The eSciDoc development team has decided to use JBPM. In an experiment with ActiveBPEL, without using advanced tools (at the time of the experiment, the ActiveBPEL editor tool was not freely available), setting up a workflow involving interactions between two services took several days and editing 13 BPEL-related files as opposed to just editing one file with JBPM. Their thinking is that the eScieDoc developers will interview users to model the end users’ workflow needs, then create the workflow script in JBPM for that group.

Harris Corporation


Submitted a bid for NARA’s ERA system (records management archive) but were not successful. Harris Corp. is still working with FEDORA and is looking for other opportunities to use it in service integration proposals. Harris Corp. is using the IBM engine (has both the human-in-the-loop and the process-to-process capabilities); it is arguably the most advanced out there, but it is still not mature as this field continues to grow. Existing engines “make it look easy” by limiting the kinds of workflow activities that can be done, and open source implementations are many steps back because the advanced tools are only now coming out.

U. of Hull: RepoMMan


The RepoMMan project seeks to give researchers some ‘extra services’ almost without them being aware of it: managing work in progress; access for themselves and small collaborative group; safety (backup) of work — and be as easy to use a network drive on their desktop plus interface for repository-related activities. The RepoMMan project is funded to bring a BPEL workflow to a FEDORA system to fulfill a part of this vision.

The development team has surveyed and interviewed researchers about how they did research to understand what repository processes and features might help them. In the autumn, the development team plans to conduct the same survey and interview techniques to get the teaching/learning needs and administrator needs. They are managing the evolving expectations for a general document management system from university’s administration.


Use of ActiveBPEL is mandated by the JISC funding. Initially, the inability to validate FEDORA’s WSDL was a showstopper, but the WSDL was recently rewritten by the FEDORA core developer team and is being tested now. The RepoMMan developers have gained a great deal of experience with the BPEL engine outside of FEDORA. With a rewritten WSDL, the development is expected to move faster.


Overlap with FEDORA Preservation Services Working Group

It was noted and discussed that the Preservation Services Working Group has begun defining the ‘events’ associated with objects in the repository and was looking for an ‘event management engine’ of some sort. It is clear that there is some overlap in these working group activities and some coordination would be beneficial to both groups. The Preservation Services Working Group refers to this activity as “Event Management” which seems to be equivalent to our “Orchestration Management”.

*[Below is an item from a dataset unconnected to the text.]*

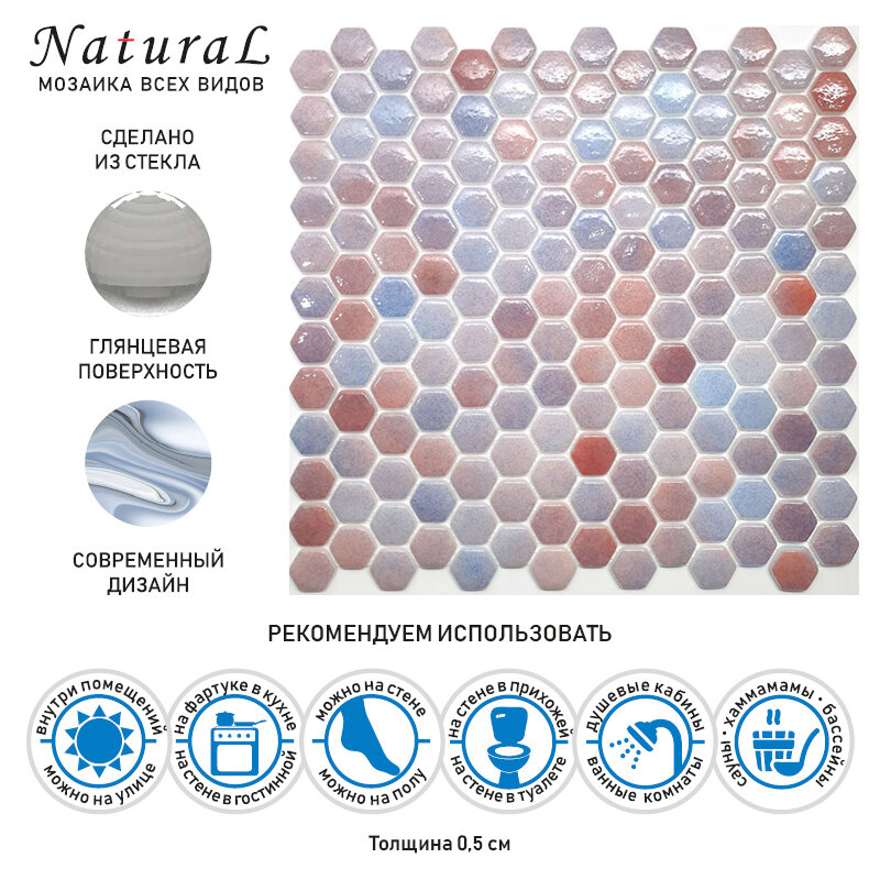 Мозаика Natural STP-RD002-HEX из глянцевого стекла размер 29х29 см чип 25 Hexagon мм толщ. 5 мм площадь 0.084 м2 на сетке интересное:

Areas where the Workflow Working Group can make a meaningful contribution

It was observed that collectively we’re reaching for the final plateau of the desired service, but there are many layers from where we are now to there that needs to be built (e.g. message-oriented middleware). In the course of the afternoon discussion, two work areas were identified.

First, defining and coding the building blocks of repository activities as discrete, WSDL-addressable web services. This work needs to be done in conjunction with the FEDORA Preservation Services Working Group — building on their existing work and aid in specifying these events as discrete web services. These ‘event’ building blocks are likely to be generic to many workflow orchestration engines or other mechanisms to build workflow steps into an application.

Second, building a reference implementation of a workflow stack into the FEDORA-SF using open source components. It is envisioned that this stack will consist of a “workflow engine” layer (BPEL-based, JBPM-based, other, or a combination of these); a “workflow management system” that provides the human interface to instantiate and track workflow scripts in flight (interfaces could be JSR-168 portlets, dedicated web servlet, a desktop Swing-based app, etc.); and a “workflow editor system” for creating new workflow scripts.

Next steps

  1. Create a narrative of these two work areas
  2. Participants review Preservation WG workflows
    1. Peter will get with Ron Jantz to begin the dialog
    2. WG members will review the Preservation WG “events” as the basis of creating the orchestration “building block” activities

To BPEL or not to BPEL, quite a good question

OhioLINK is actively looking at BPEL as an option for workflow orchestration for the DRC project. I was asked recently about that choice, especially in light of a preliminary report from another team looking to use Fedora in a manner similar to the DRC. The preliminary report has not been published (I’ll update this posting when it is), and the organization involved is intentionally not mentioned here. Their questions, though, do allow for an opportunity to explain some of my own thinking on the topic.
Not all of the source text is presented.